On her return to Britain Harriette became the head of a new department of nutrition at the Lister Institute.  She never married and lived to the ripe old age of 102.

Now We’re Cooking With Gas!


Marie “Jenny” Fleurot and William Sugg the day before their wedding in 1871. Image from http://www.williamsugghistory.co.uk.

The first gas cookers went on sale during the 1830s and while there were some early adopters, for example, the kitchens at the Reform Club were fitted with gas cookers as early as 1838, most people carried on using solid fuel ranges. I am proposing Marie Jenny Sugg (1850-1919) as a food heroine for her promotion of gas cookery.

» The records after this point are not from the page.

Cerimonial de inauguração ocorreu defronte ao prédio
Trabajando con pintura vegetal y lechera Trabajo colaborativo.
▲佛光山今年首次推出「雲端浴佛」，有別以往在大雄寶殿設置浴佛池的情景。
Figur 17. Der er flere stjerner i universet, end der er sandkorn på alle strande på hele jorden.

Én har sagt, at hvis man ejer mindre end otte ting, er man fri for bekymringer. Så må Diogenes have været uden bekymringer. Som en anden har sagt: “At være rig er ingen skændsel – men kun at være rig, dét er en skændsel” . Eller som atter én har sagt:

In 1890, when Mrs Sugg ‘s book, The Art of Cooking by Gas, was published gas cookers had become more common but the author felt that readers needed a bit of reassurance about the advantages of cooking with gas. In the introduction she wrote, … the economy of cooking by properly regulated gas is beyond question: and this economy is realized not only in the fuel saved but on the food itself, the nutritive properties of which are fully developed without waste. The cleanliness and convenience of gas as a fuel and the saving in time and labour, need only be once understood to be thoroughly appreciated, and those who adopt gas in the kitchen will find themselves free from all that trouble, dirt, and uncertainty in working which attend a coal kitchener.” (p.7)

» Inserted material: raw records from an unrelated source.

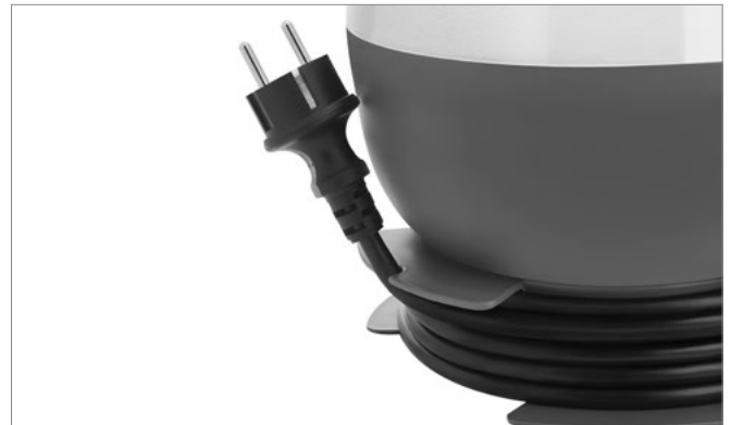
Ergonomiczny zacpek przewodu Ergonomic cable management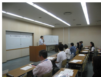
吹田市長 後藤圭二氏

①氏名 ②ふりがな ③大学（院）名 ④連絡先 （電話番号、メールアドレス）を環境政策室まで。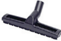
80991 Parkettisuulake 300 81263 Parkettisuulake 370 Kevyt ja tehokas suulake parketti-, laminaatti- ja laattapinnoille.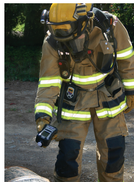
MultiRAE Pro avec un réseau sans fils RAELink3 utilisée pour détecter les fûts potentiellement dangereux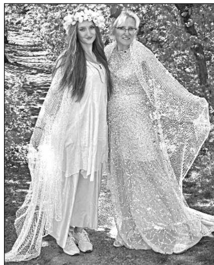
V POHÁDCE. Vily na trase Pohádkového lesa z Karlíka do Letů.

Ať už jste tu letos byli s námi, nebo jste to tentokrát nestihli, určitě neváhejte a vyražte příští rok - prvomájový Pohádkový les se bude konat již po šestnácté... Markéta HUPLÍKOVÁ, Lety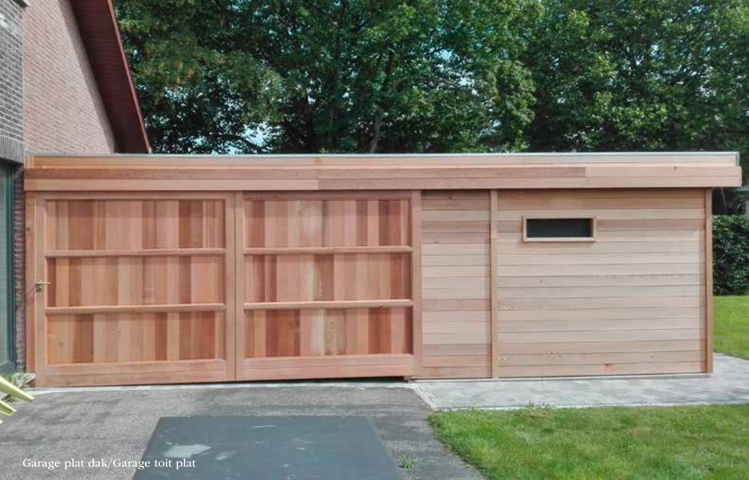
Garage plat dak/Garage toit plat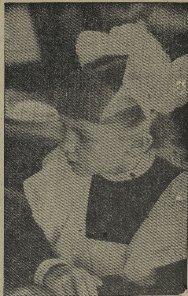
На первом уроке.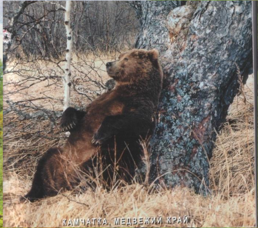
КАМЧАТКА, МЕДВЕЖИЙ КРАЙ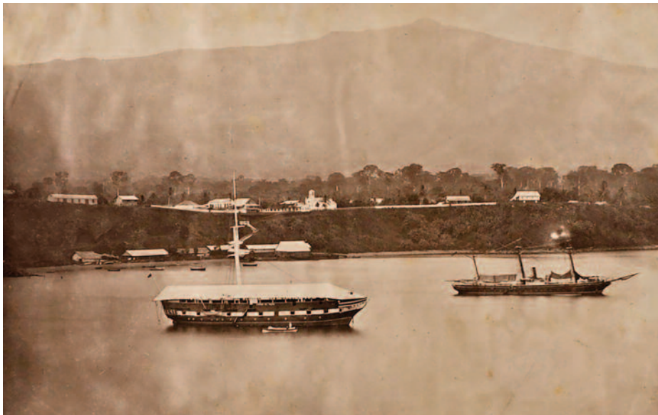
Pontón Ferrolana y goleta Ligera . (Fuente: shelly.es ).

ción Naval y capitán del puerto de Santa Isabel; dos oficiales subalternos del Cuerpo General de la Armada, los cuales podrían ser sustituidos, total o parcialmente, por pilotos mercantes; dos oficiales del Cuerpo Administrativo, un profesor de Sanidad, un capellán, primer y segundo contra maestre, un maestre de víveres, un despensero, un practicante de cirugía, primer y segundo carpintero, un armero, un buzo, un escribiente, un condestable, cuatro soldados de Infantería de Marina, un cocinero, cuatro cabos de mar, seis marineros preferentes, diez marineros ordinarios y treinta negros krumanes (13). Estos eran contratados para realizar aquellos trabajos que no podía desempeñar la marinería europea sin detrimento de su salud, fundamentalmente en labores al sol y a la intemperie. En abril de 1861 se determinó que era preferible contratar negros españoles, tomando krumanes solo en el caso de no encontrarse de los primeros.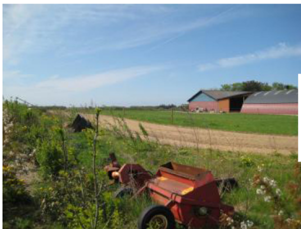
← Byggefeltet samt indblik i den allerede plantede beplantning.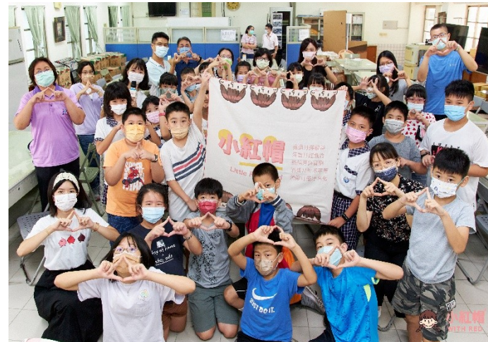
全球小紅帽協會到校宣導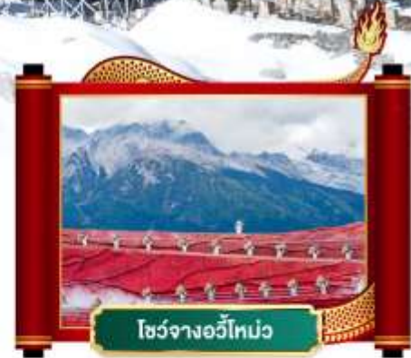
โชว์จางอวี่ไห่หม่ว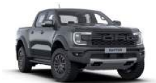
METEOR GREY - lakier metalizowany 3 200 zł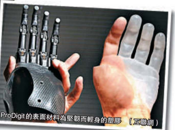
ProDigit的表面材料為堅韌而輕身的塑膠 (互聯網)

目前，全球約有一百二十萬人 (包括逾五萬名歐洲人) 手指不齊全，其中一部分是由天生缺陷所致。(英國《每日郵報》)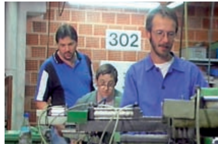
Science Park Saar

Das Ausbildungszentrum Burbach (AZB) ist im gesamten Stadtverband Saarbrücken tätig und bietet mithilfe des ESF z.B. Hauptschulabschlusskurse für Jugendliche und junge Erwachsene ohne Schulabschluss an. Außerdem werden jährlich über 100 Jugendliche ausgebildet als Gärtner, Maler, Lackierer, Elektroinstallateur, Tischler, Koch, Gastgewerbefachkraft, Bürokaufmann, Friseur, oder Einzelhandelskaufmann. Berufsberatungen, Berufsvorbereitende Maßnahmen und Qualifizierungen sind weitere Schwerpunkte.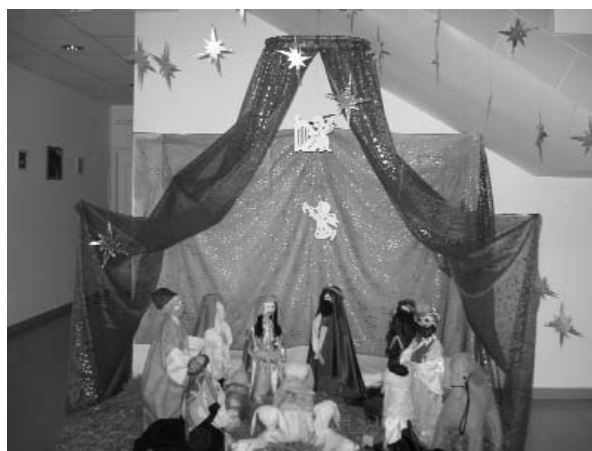
Betlehem az oviban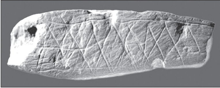
Figura 1. Ocre de Blombos - Sudáfrica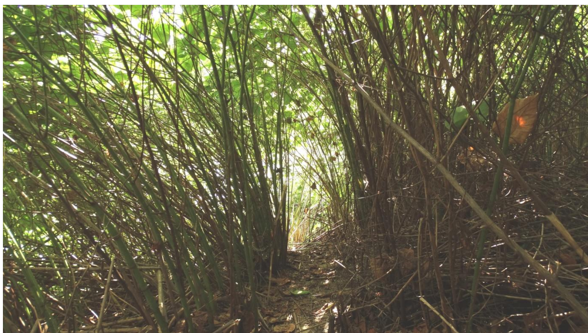
Fot. 1. Zwarte płyty rdestowca utrudniające poruszanie się po obszarze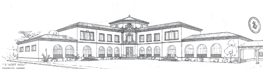
Figura 7. Plano fachada de entrada del G. Esc. Hort. Nou en Palma de Mallorca, 1932.

blica en las ciudades de Madrid, Palma de Mallorca, 32 Bilbao, 33 Zaragoza, 34 Valencia, Oviedo 35 y San Sebastián, 36 y de forma particular en la provincia de Álava. Probablemente, como en el caso de Madrid, estos planes se encontrarían más o menos esbozados en los cajones de las dependencias municipales antes del advenimiento republicano, anhelando una coyuntura favorable para ver la luz o quizá esperando a que una corporación suficientemente audaz se decidiese a ponerlos en práctica. Lo cierto fue que, sin cambiar las condiciones y requisitos exigidos por el Estado a los ayuntamientos para este tipo de iniciativas, ni variar la cuantía del auxilio económico ofrecido por la administración central, estos planes comenzaron a fragar durante la etapa republicana. Los frutos recolectados fueron diversos, oscilando entre la magnífica cosecha de Madrid, a la penuria absoluta de Valencia.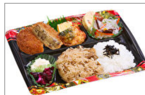
隅田川 すき焼風コロッケ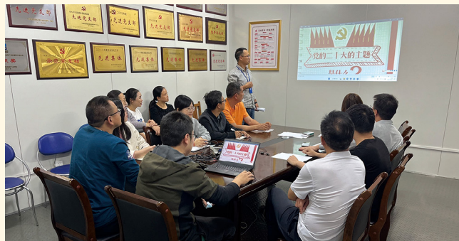
2022年10月26日，新昌制药厂制剂分厂设备科“班前十分钟”，学习二十大报告。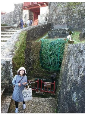
首里城内(那覇市)瑞泉門側にある湧き水「龍樋(りゅうひ)」

「飲めなくてもいいのです。災害時に飲む水はペットボトルが配布される可能性が高いですが、それとは別にトイレの水や手を洗う水、洗濯や掃除する水、そして火を消す水などが必要になります。そういった水は上水道が壊れたときに確保するのが難しくなると思います。そんな時に自分の住んでいる地域にある井戸について知っていたら、大部分が補える可能性があります。でも災害時とはいえ普段触れてもない井戸の水を扱うのは怖いんですよね。そこで日頃から接することができるきっかけにしてほしいと思い、情報を収集・発信しています」とぐしさん。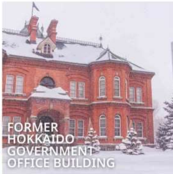
FORMER HOKKAIDO GOVERNMENT OFFICE BUILDING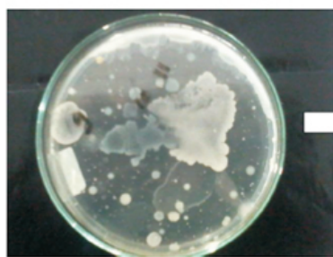
Gambar 1. Hasil Penanaman Limbah

Kultur murni kemudian ditanam pada medium MSM agar, setelah itu diinkubasi selama 3 hari pada suhu 35^\circ\text{C} . Koloni yang tumbuh kemudian dicat dengan Sudan Black. Berdasarkan perulangan pengambilan dan pengkulturan didapatkan 15 sampel yang positif menghasilkan PHB. Isolat positif menghasilkan PHB berwarna biru kehitaman koloninya jika dicat dengan sudan black (Gambar 4). Isolat yang tidak menghasilkan PHB berwarna putih (Gambar 3).

Mrs Sugg’s promotion of gas cookers was far from disinterested. She had married into a family that ran a firm specializing in gas lighting, heating and cooking. Rather excitingly, Mrs Sugg met her husband, William Sugg (1832-1907), while he was visiting France on business during the Siege of Paris. The marriage produced 12 children and, after the birth of the last one, a cookery book.

Their great-grandson has set up a very informative website about the history of William Sugg & Co and for a more general history of the gas industry there is the Gas Museum in Leicester.

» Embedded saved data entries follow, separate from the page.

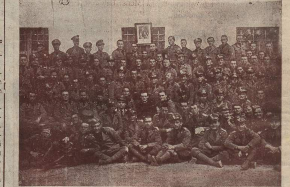
Ritrovo Militare « Milites Mariani » B. V. delle Grazie - Udine Festa delle reclute - 12 maggio 1935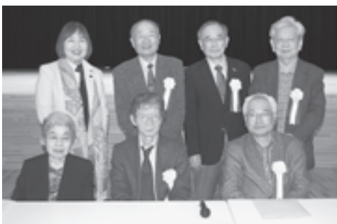
▲審査員の先生の方々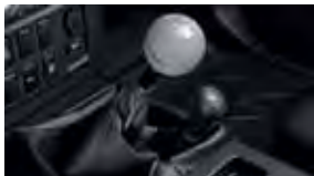
Palanca rápida de cambios TRD $450 MSRP instalado*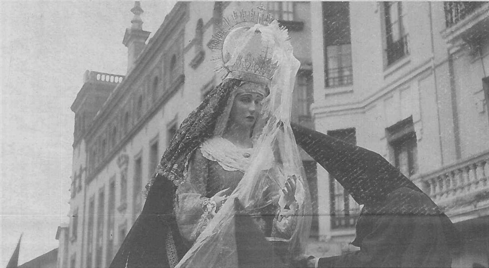
Virgen del Desconsuelo, Jesús Azcoytia, 1998

Otro apartado destacado dentro del estudio protocolario de la cofradía es el destinado a la asamblea general ordinaria siendo el órgano de gobierno por excelencia de la orden. Se celebra el domingo anterior al Domingo de Ramos con la lectura y aprobación del acta de la sesión anterior, estando compuesta la mesa de la asamblea por cinco miembros de la Junta de Seises, siendo obligatorio la asistencia del Hermano Mayor, secretario y tesorero.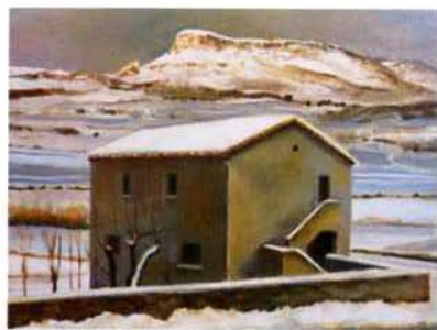
casa tartarugha óleo/madera 30 x 40 cms.

Maldigo el grano de arena que nos separa y el laúd de los jilgueros llamando a mi puerta. Se extingue la noche pero no su deber, en el sepulcro de mi cuarto todo es símbolo. Moviéndose así, casi sin luz, desayuno en sombras mientras se enfría eternamente el te espero en la hondura de mi cuarto, espejo o río. RAUL EGUIZABAL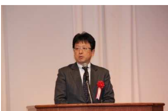
熊本市長 大西一史様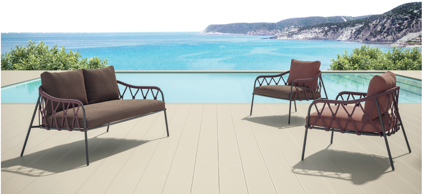
Divano e Poltrone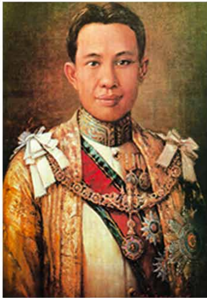
พระราชวรวงศ์เธอ กรมหมื่นพิทยาลงกรณ์ พระบิดาแห่งการสหกรณ์ไทย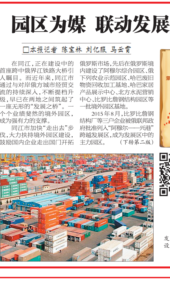
同江经济开发区物流中心建设项目。

陆昊作任职议案说明 本报5日讯(记者闫紫谦)5日上午,省十二届人大常委会第三十三次会议在哈尔滨召开。 省人大常委会党组书记、副主任符凤春,副主任孙永波、胡世英、庞义华、朱清文,秘书长于柏青出席上午举行的第一次全体会议;省人大常委会党组书记、副主任赵敏主持会议。 省委副书记、省长陆昊作《黑龙江省人民政府关于提请毕宝文等任职议案的说明》。省委常委、副省长李海涛列席会议,并作《黑龙江省人民政府关于省人大常委会行政许可“一法一例”实施及优化发展环境监督检查情况的通报研究处理情况的报告》。省高级人民法院院长石时态、省人民检察院检察长徐明列席会议,并分别作有关人事任免情况的说明。 会议听取了《黑龙江省禁毒条例(草案)》《黑龙江省税收保障条例(草案)》《黑龙江省村民委员会选举办法(修订草案)》《黑龙江省人大常委会关于促进全民阅读的决定(草案)》的说明,《黑龙江省人大常委会代表资格审查委员会关于补选代表的代表资格的审查报告》、有关任免部分法职人员议案审议结果的报告。 会议审议了哈尔滨、佳木斯、大庆、双鸭山、黑河市人民代表大会及其常务委员会立法条例和鸡西、绥化市人民代表大会及其常务委员会制定地方性法规条例,《黑龙江省人民政府关于2016年节能减排工作情况的报告(书面)》等。 拟任职人员作供职发言。 列席会议的还有省人大各专门委员会组成人员,省人大常委会各工作机构、办事机构以及有关部门负责人;各市人大常委会、大兴安岭地区人大工委和绥芬河市、抚远市人大常委会负责同志;部分全国人大代表、省人大代表也列席了会议。省政府有关部门负责同志到会听取意见和建议,部分公民代表旁听会议。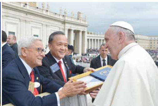
2014.11.12 頒贈國際扶輪「最高榮譽獎」給教宗方濟各 Pope Francis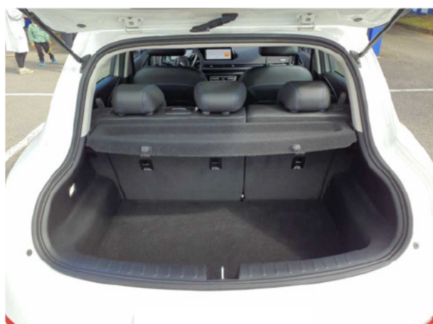
Abbildung 5: Laderraum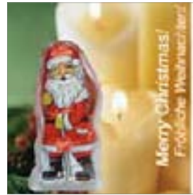
Motiv-Nr.: 92614 - Candlelight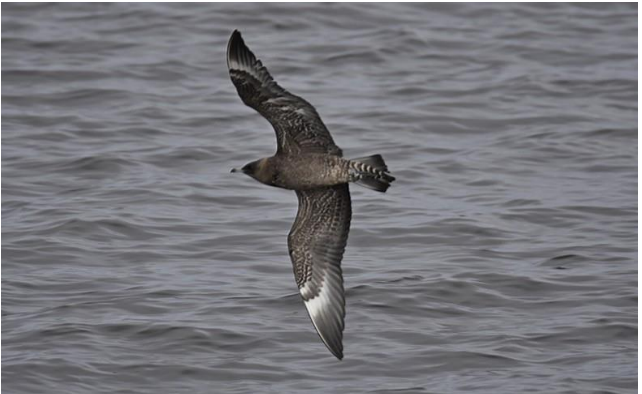
Wydrzyk tęposterny – 29.10/Zb. Siemianówka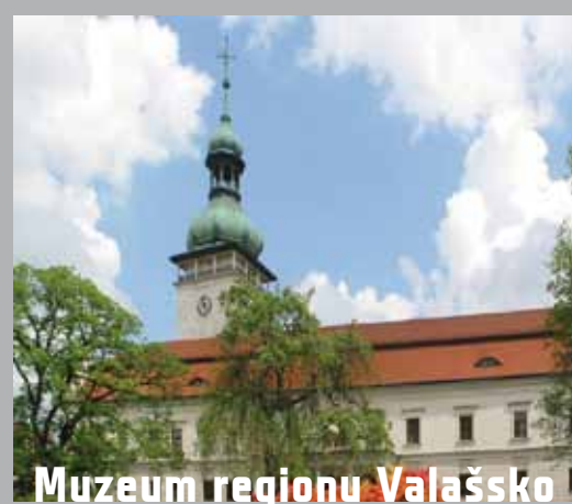
Muzeum regionu Valašsko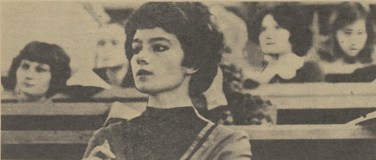
В университетскую программу обучения включены многие спецкурсы, разработанные ведущими учеными нашего вуза.

Red Herrings, Bloaters and Kippers


Red herrings, bloaters and kippers all begin life as herrings but are transformed by being cured in different ways.  Before electrical refrigeration curing fish by salting and smoking was an important method of preservation.

Of the three red herrings have the strongest taste.  They are made by soaking whole herrings in brine for up to three weeks and then smoking them for another two or three weeks.   This turns the flesh red.   Red herrings have been made for centuries.  In 1567 Thomas Nash wrote Lenten Stuffe, or the Praise of the Red Herring, in which he praises their keeping qualities and their ubiquity,

“… it is most precious fish-merchandise, because it can be carried through all Europe.  No where are they so well cured as at Yarmouth.  The poorer sort make it three parts of their sustenance.  It is every man’s money from the king to the peasant.”

These strongly flavoured fish have fallen out of favour but they live on in the phrase “red herring”, i.e. a misleading and irrelevant distraction.

Bloaters are a lot like red herrings in that they are not gutted or split before being cured, but bloaters are only lightly salted and lightly smoked.  The cure for bloaters is considerably quicker than for red herrings.  This produces a mild tasting soft fish which does not keep for very long.  Bloater paste, a Victorian tea time treat, was a way of extending the shelf life of bloaters.

Kipper workers in Craster, Northumberland. Photo from http://wecanmindthetime.org.uk.

John Woodger is credited with inventing the kipper in Northumberland during the 1840s.  His innovation was to split the herring along its back (not along the belly) and remove the guts.  Once this is done the herring is soaked in brine for 20-30 minutes and then smoked for 12-20 hours.  Regional variations mean that there are lots of different types of kipper.To summarise,

  • Red herrings – an old cure for whole herring that produces salty and highly smoked fish.  A good keeper.
  • Boaters – lightly salted and lightly smoked whole herrings.  Mild tasting.
  • Kippers – a 19th century innovation.  The fish are split, gutted and smoked.